_TASK DIRECTIONS_
All that is needed is the line containing "据了解,绿景白石洲项目规划总" and the lines after it to the end of the material, written out exactly, pictures left aside.

_DATASET EXCERPT_
[Start of section]
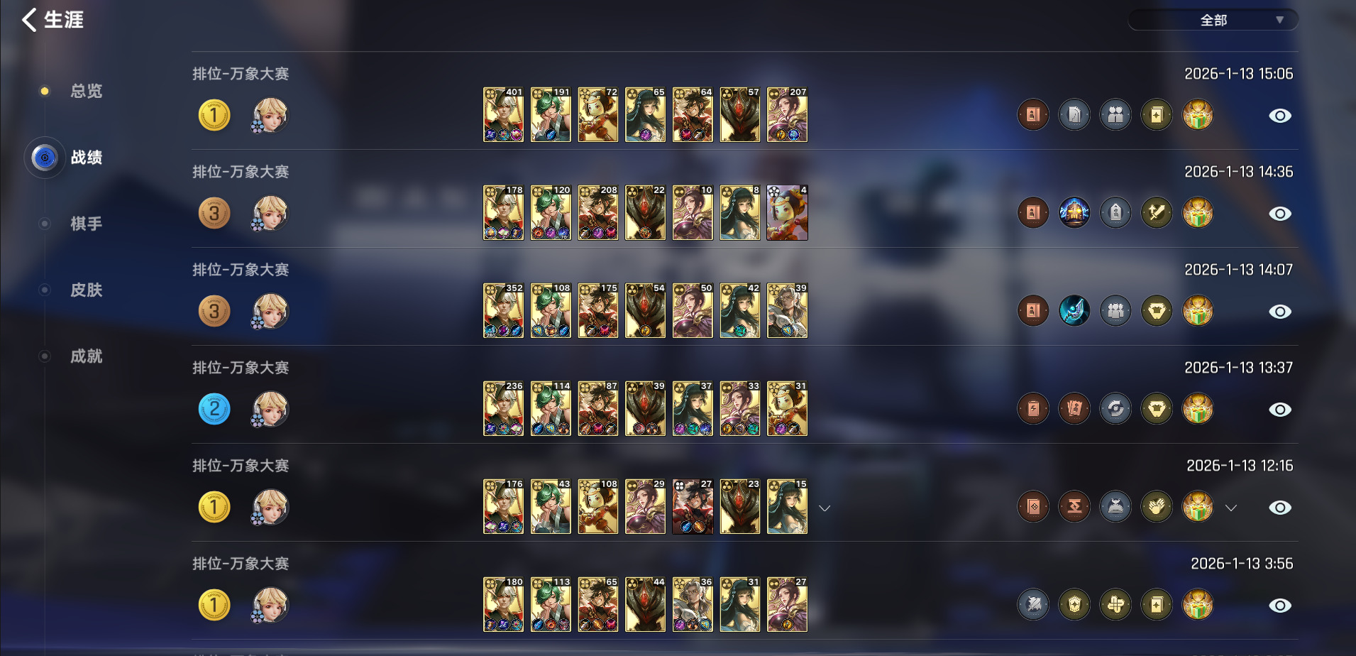 这是在营地写的第二篇万象祺攻略了,分数不高,但也都实践了很多把,希望大家看完能有收获吧。现在世面上的自走棋游戏也是越来越多了,有新的都会去试一下,玩下来感觉最重要的一点还是发什么玩什么,尽量多的了解各个阵容,这样玩起来才会更加得心应手,看完这篇攻略,等哪次你逐鹿牌发多了,就可以试一下。最后祝大家游戏愉快,多多上分。
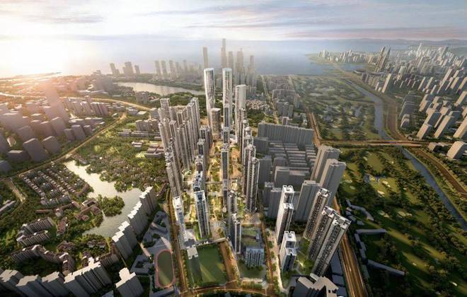 据了解,绿景白石洲项目规划总规模约500万㎡,分四期建设,汇聚商业、办公、酒店、文旅、居住等多种业态于一体。项目规划有超40万㎡商业,约1.1公里中央绿轴由南至北串联各业态;规划有4所幼儿园、3所九年一贯制学校以及约9万m²社康、文体等配套设施。
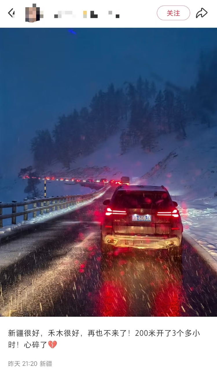 北京游客殷女士告诉上游新闻记者,他们一行4日下午5点从禾木出发,5日凌晨4点20分左右才住进前往布尔津途中一个小镇子上的宾馆。“两小时的车程走了近12小时,后面被困在山里的人和车依然很多。凌晨两点我们才跟着前车慢慢走,路上有交警撒盐除雪,救援车辆也准备就绪。不过到镇上的路特别不好走,大雾弥漫能见度只有一两米。”
[End of section]
_EXERCISE RESULT_
 据了解,绿景白石洲项目规划总规模约500万㎡,分四期建设,汇聚商业、办公、酒店、文旅、居住等多种业态于一体。项目规划有超40万㎡商业,约1.1公里中央绿轴由南至北串联各业态;规划有4所幼儿园、3所九年一贯制学校以及约9万m²社康、文体等配套设施。
 北京游客殷女士告诉上游新闻记者,他们一行4日下午5点从禾木出发,5日凌晨4点20分左右才住进前往布尔津途中一个小镇子上的宾馆。“两小时的车程走了近12小时,后面被困在山里的人和车依然很多。凌晨两点我们才跟着前车慢慢走,路上有交警撒盐除雪,救援车辆也准备就绪。不过到镇上的路特别不好走,大雾弥漫能见度只有一两米。”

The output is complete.